Repeat, exactly as they appear, the lines from the one with "Zdjęcia, Rzeka Tamega, Most, Trajano" through the last line of the entries below, but none of the pictures.

Recorded data:
+ + + +

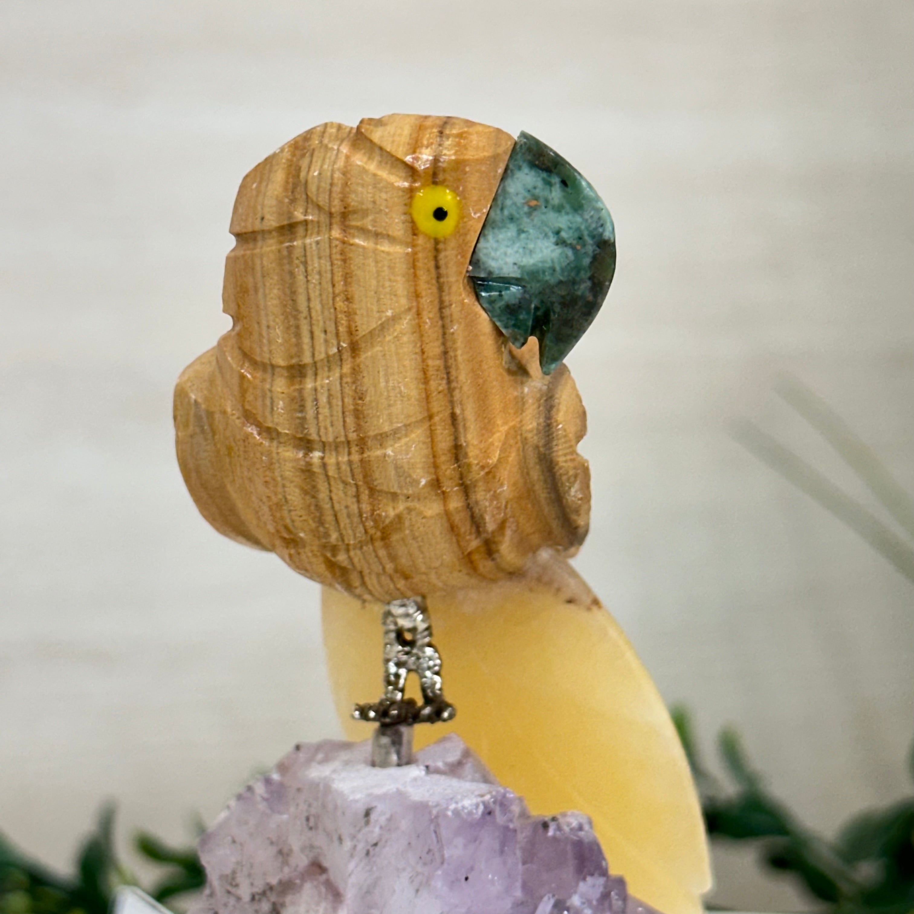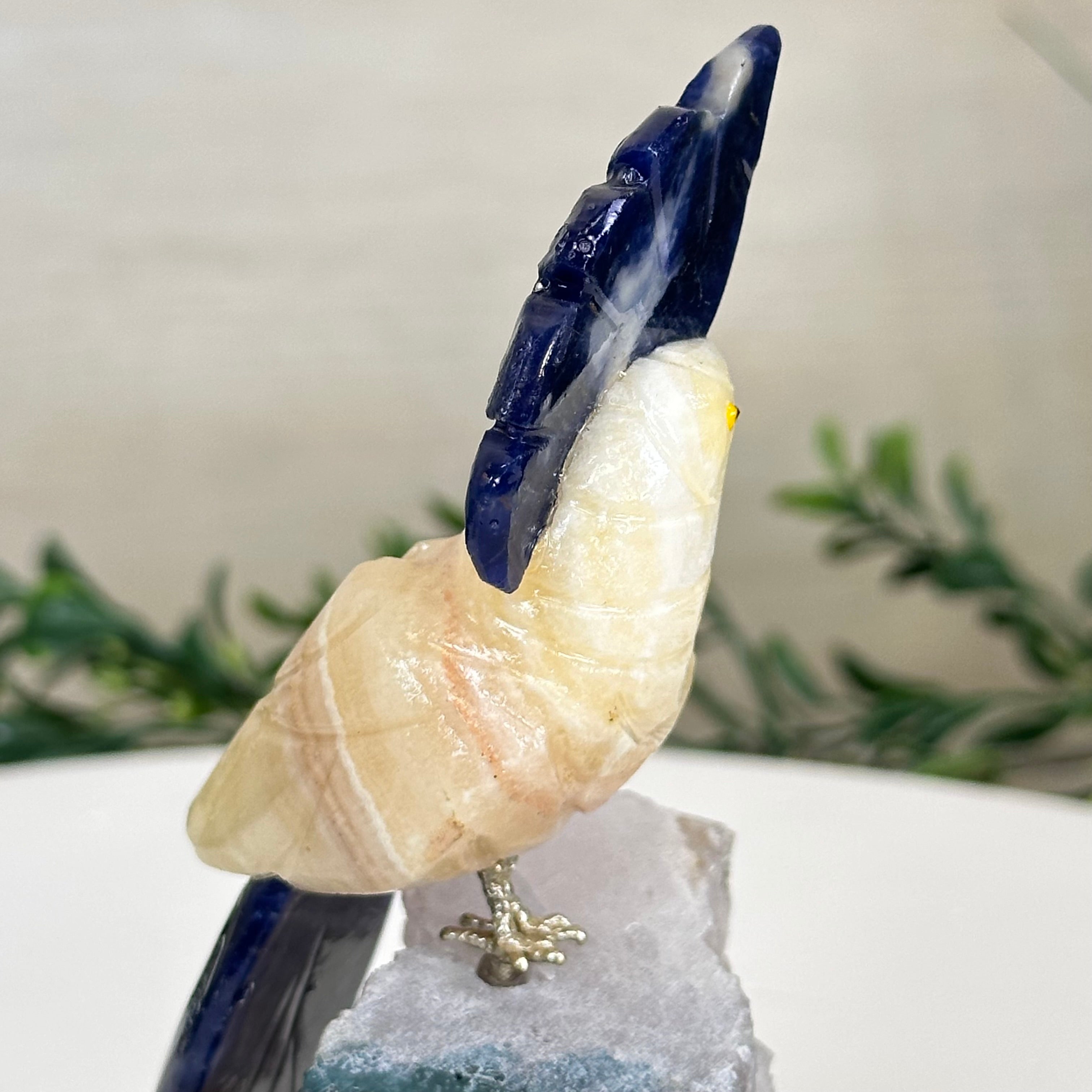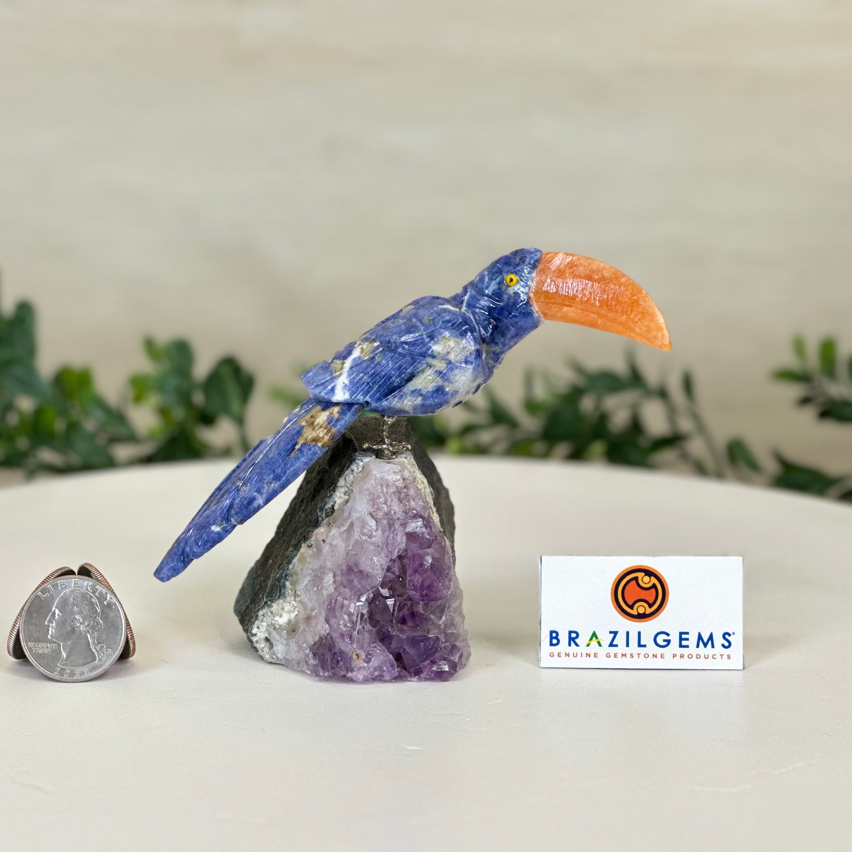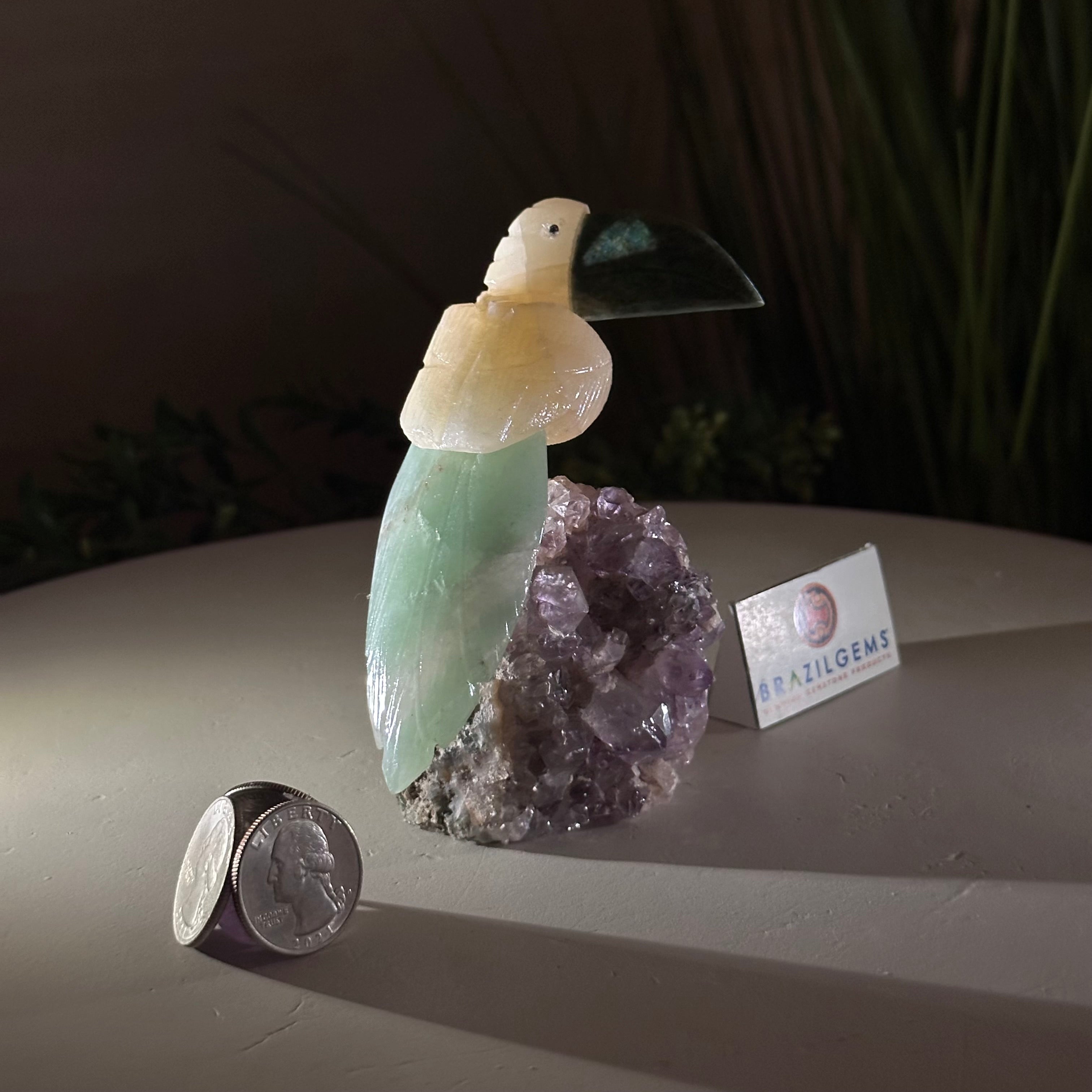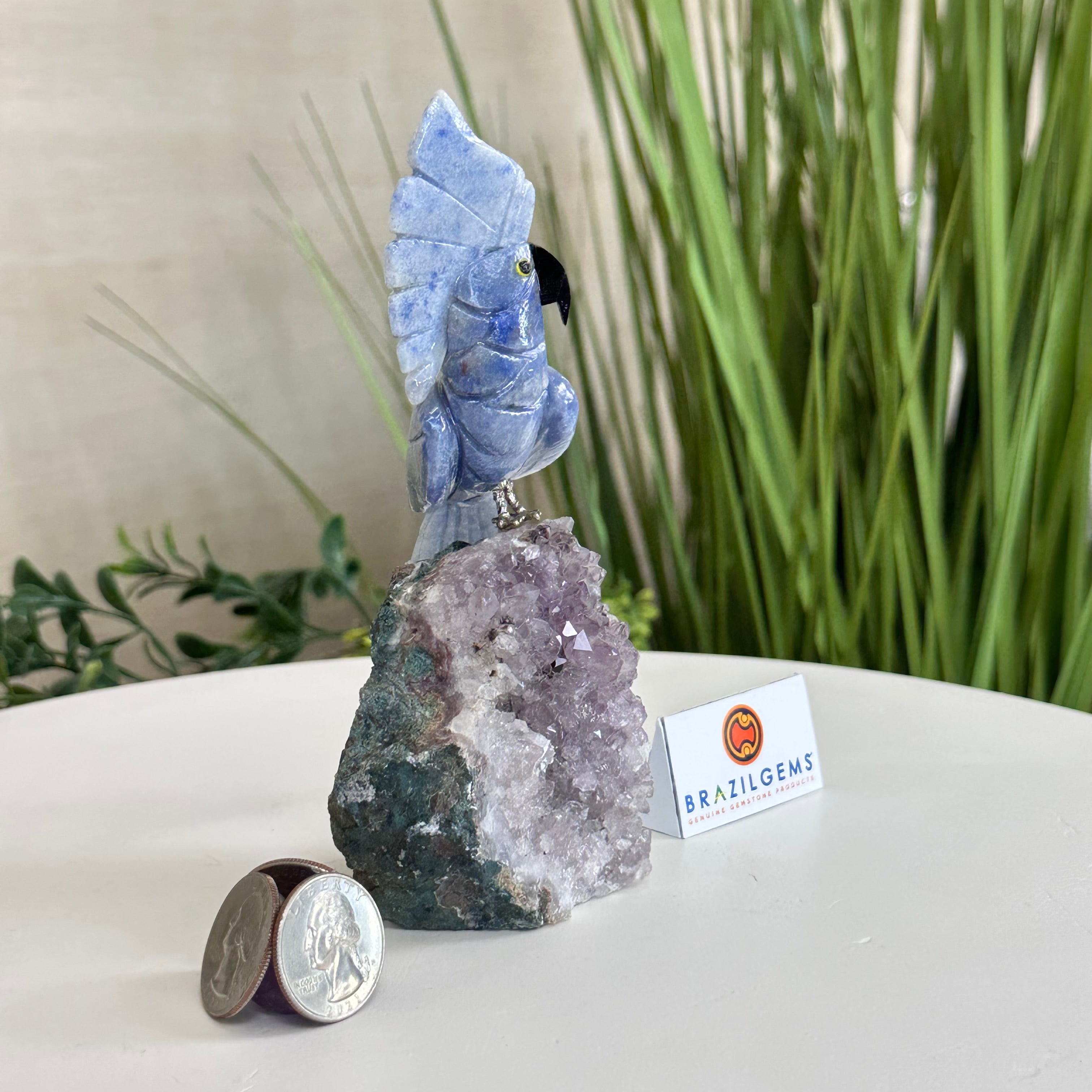 Each intricate detail of these birds is meticulously carved by skilled Brazilian artisans who have mastered the technique that combines the beauty of Brazil's gemstones with their colorful native birds into an amazing art piece. Elevate your space with the timeless charm of our Gemstone birds on an crystal cluster bases.
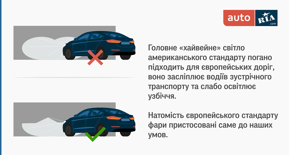 Авто зі США здобувають все більшу популярність в Україні – зараз таких у пропозиціях про продаж легковиків на AUTO.RIA близько 14%, а серед «свіжопригнаних», тобто таких, які нещодавно прибули із-за кордону та були розмитнені, майже 40%. Проте є певні відмінності між машинами для північноамериканського та європейського ринку, про які слід знати тим, хто придбав або планує придбати такий автомобіль, та налаштований безпечно і не порушуючи місцевих правил експлуатувати його в Україні.
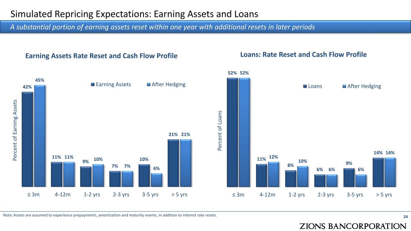 Simulated Repricing Expectations: Earning Assets and Loans 24 A substantial portion of earning assets reset within one year with additional resets in later periods Note: Assets are assumed to experience prepayments, amortization and maturity events, in addition to interest rate resets. 52% 11% 8% 6% 9% 14% 52% 12% 10% 6% 6% 14% ≤ 3m 4-12m 1-2 yrs 2-3 yrs 3-5 yrs > 5 yrs Pe rc en t o f L oa ns Loans: Rate Reset and Cash Flow Profile Loans After Hedging42% 11% 9% 7% 10% 21% 45% 11% 10% 7% 6% 21% ≤ 3m 4-12m 1-2 yrs 2-3 yrs 3-5 yrs > 5 yrs Pe rc en t o f E ar ni ng A ss et s Earning Assets Rate Reset and Cash Flow Profile Earning Assets After Hedging
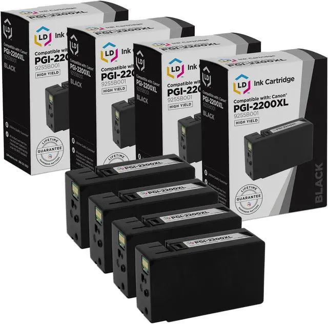 Save even more with our set of 4 compatible inkjet cartridges. This set includes 4 9255B001 Black inkjet cartridges. Why pay more for brand name Canon PGI-2200XL cartridge? This set works in the following
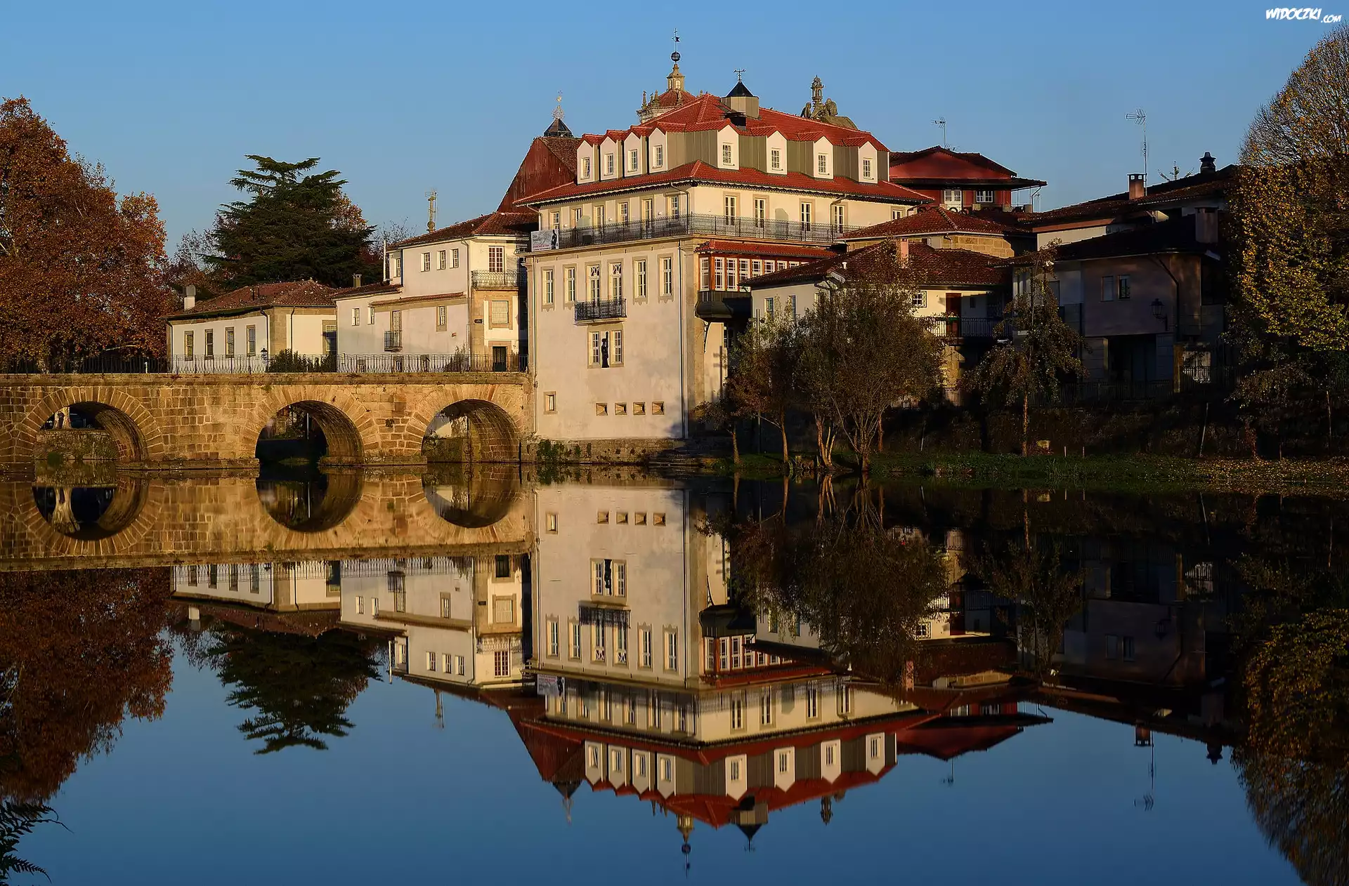Zdjęcia, Rzeka Tamega, Most, Trajano Bridge, Domy, Drzewa, Odbicie, Chaves, Portugalia
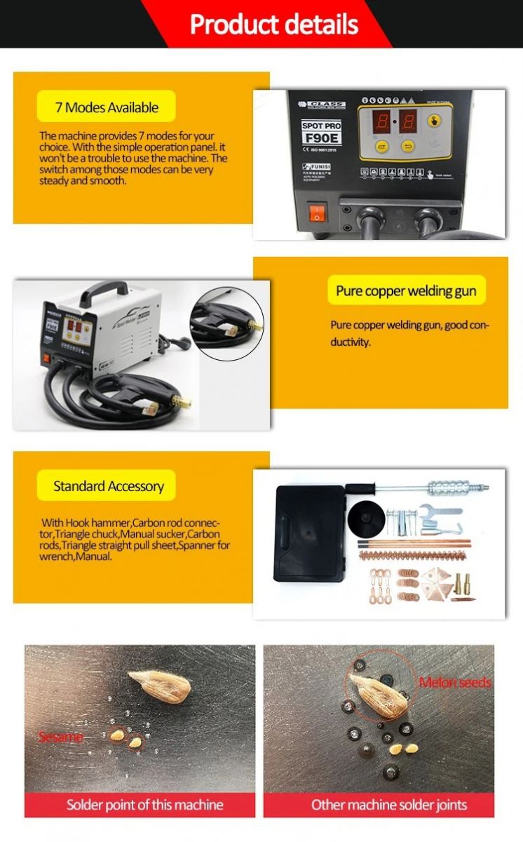 Máy hàn giật tôn 90E có thể cấu hình với nhiều phụ kiện sửa chữa thân vỏ như:

+ + + +

_Exercise solution_:
Zdjęcia, Rzeka Tamega, Most, Trajano Bridge, Domy, Drzewa, Odbicie, Chaves, Portugalia
 Máy hàn giật tôn 90E có thể cấu hình với nhiều phụ kiện sửa chữa thân vỏ như:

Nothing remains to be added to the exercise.